Akins was again the starter in 1975 and now the captain of a team that included future Pro Football Hall of Fame inductee Earl Campbell. Akins led the Longhorns to a 10–2 record, again losing to #2, and eventual National Champion, Oklahoma while beating #20 Arkansas. He was replaced in the TCU game by Ted Constanzo when he tore the anterior cruciate ligament in his right knee, Texas was up 14–3 when he left the game and eventually won 27–11. Two weeks later, after much doubt that he would even play, Akins, with his knee heavily braced, started against #2, undefeated Texas A&M with the Conference title on the line. But he was injured again on Texas' first offensive play and was again replaced by Constanzo. Without All-American Marty Akins – Texas decorated quarterback being on the field the Longhorns lost. Texas A&M won, splitting the Conference Championship with Texas and Arkansas and sending Texas to the Astro-Bluebonnet Bowl. Akins was back in the lineup for the bowl game playing on one leg and led the team to a 38–21 come-from-behind win over Colorado and a final ranking of #9. That season Akins was again twice the Chevrolet Player of the Game in televised games, named to the All-Conference team and became the first and only Wishbone quarterback in College Football history to be named an All-American when the FWAA chose him over AP All-American John Sciara.

Akins finished his football career at the University of Texas with a record of 27–9, the most wins since Bobby Layne won 28.
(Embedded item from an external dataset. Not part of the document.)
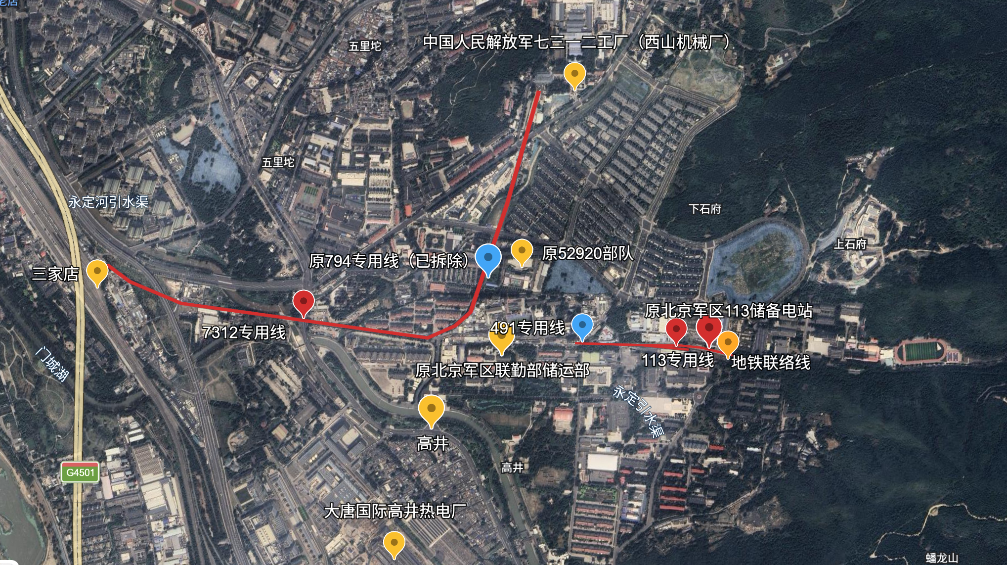 目前113电站机组已封存,专用线被其它建筑物覆盖。

Akins was inducted into the University of Texas Hall of Honor in 1995 and was selected by the University of Texas as one of the university's 125 Extraordinary Texas Exes.

===Records===
- UT – Most rushing yards by a quarterback, game (188), surpassed by Vince Young in 2005
- UT – Most rushing yards by a quarterback, career (2,020), surpassed by Young in 2005
- UT – Quarterback starts, career (35), surpassed by Peter Gardere in 1992
- UT – Most rushing touchdowns by a quarterback, career (26), surpassed by Young in 2005

==Later life and political career==
Akins was selected in the 11th round of the 1976 NFL draft by the St. Louis Cardinals. Because of injuries, in 1976 he spent his rookie season on the scout team playing defensive back and quarterback and was then traded to the New Orleans Saints in 1977. He played in the exhibition games for the Saints, but because of severe injuries he decided to give up pro ball. He studied law at the University of Houston College of Law, graduated with high honors and became a very successful trial lawyer dealing with environmental, consumer protection, and personal injury cases.

Akins practiced law throughout Texas for many years and retired in 2000 to pursue a career in politics. In 2001, he sought the Democratic nomination for Governor of Texas, but then dropped out to compete for state comptroller instead. Akins won the party's 2002 nomination for the State Comptroller's office, but then lost in the general election to incumbent Carole Keeton Rylander.

Texas Comptroller Election 2002
| Party |  | Candidate | Votes | % | ±% |
|---|---|---|---|---|---|
|  | Republican | Carole Keeton Rylander (Incumbent) | 2,878,732 | 64.2 |  |
|  | Democratic | Marty Akins | 1,476,976 | 35.8 |  |

In 2006 Akins was hired as the men's and women's golf head coach for Huston–Tillotson University and remained in that position for two years. In 2009, he was appointed to the Texas State Advisory Board of Athletic Trainers by Governor Rick Perry.

==Family==
Akins and his wife Pam have three children. Their youngest daughter, Angela Akins, played golf for the TCU Horned Frogs before transferring to the Texas Longhorns for her junior and senior years. She was named to the All-Big XII Academic Team. In July 2017, Angela married professional golfer Sergio García. She became a Golf Channel reporter in 2017.

Marty Akins' nephew is former Purdue starting quarterback Drew Brees, who won Super Bowl XLIV with the New Orleans Saints.